Analog Guy in a Digital World

Some people are stuck in the analog age in the midst of a digital world.

My dad was one of those people.

In fact, I’ll bet a lot of people’s dads were like that. Unless it had a carburetor or it could kill you by using it wrong, there was a good chance it was too high-tech for my dad.

Now, by no means am I part of the rising generation. I clearly remember when the Nintendo wouldn’t work unless the TV was set to Channel 3. Sidenote, no matter what brand of system it was, Sega, Sony, or otherwise, my dad called it a Nintendo. All of them.
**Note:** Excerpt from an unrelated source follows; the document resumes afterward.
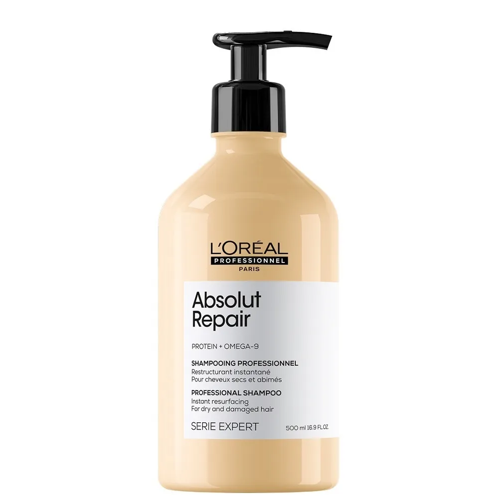 Шампунь Absolut Repair для інтенсивного відновлення пошкодженого волосся відмінно бореться з руйнуванням структури локонів, спричиненим негативними факторами навколишнього середовища. З кожним миттям волосся набуває свіжого блиску, стає живішим та шовковистим. Подібний ефект підтверджується спеціальним тестом, під час якого шампунь використовували в комплексі з кондиціонером, представленим у цій же серії L`Oreal Professionnel. Особливості продукту: Шампунь для інтенсивного відновлення волосся, 500мл Shampoo Absolut Repair Serie Expert L`Oreal Professionnel Застосування: Шампунь для інтенсивного відновлення волосся, 500мл Shampoo Absolut Repair Serie Expert L`Oreal Professionnel Рівномірно нанести на вологе волосся, спінити, змити.Шампунь для інтенсивного відновлення волосся Shampoo Absolut Repair Serie Expert L`Oreal Professionnel

But don’t get me wrong, he wasn’t inept. There are mysteries my dad took to the grave that I’ll never unravel. Like how he knew the secret to sharpening a chainsaw so perfectly that the chain would stay sharp for weeks. Or how he always knew the exact gas-to-oil ratio for the weed whacker without measuring. The man was a wizard with tools.

Now I will also mention that he was also the one who taught me how to set the VCR to record Toonami before I got home from school. But when we finally brought a computer into the house during my teenage years, that’s when he decided that the world had advanced too far for his taste. That was where he drew the line and his journey with technology ended.

To him, Photoshop might as well have been witchcraft. HTML? That was some kind of alien language. Over the years, I’d try here and there to introduce him to something new, tentatively, gently. It took years of convincing to get him to get a cellphone and give up the landline phone that didn’t even have long distance and that had barely supported dial-up back in the day. The turning point? Showing him YouTube.

He couldn’t believe he could watch full-length Led Zeppelin or Rush concerts from the ’70s, whenever he wanted. That blew his mind. Eventually, I showed him how to stream shows like Duck Dynasty and MASH on demand, and I think that’s when he truly started to come around.

He had missed out on so many modern conveniences for so long, not because he wasn’t capable, but because he was set in his ways. And when he did start to dip his toe into the digital world, it was always on his own terms.

I say all this as a millennial who still refuses to use TikTok. So, I get it. But I learned something from watching him:

Resisting progress just for the sake of resisting it can cause you to miss out on a world you don’t even know is there.

Maybe that world is better. Maybe it’s not. But it’s there. And sometimes, all it takes is a little curiosity, and maybe a full-length classic rock concert on YouTube, to step into it.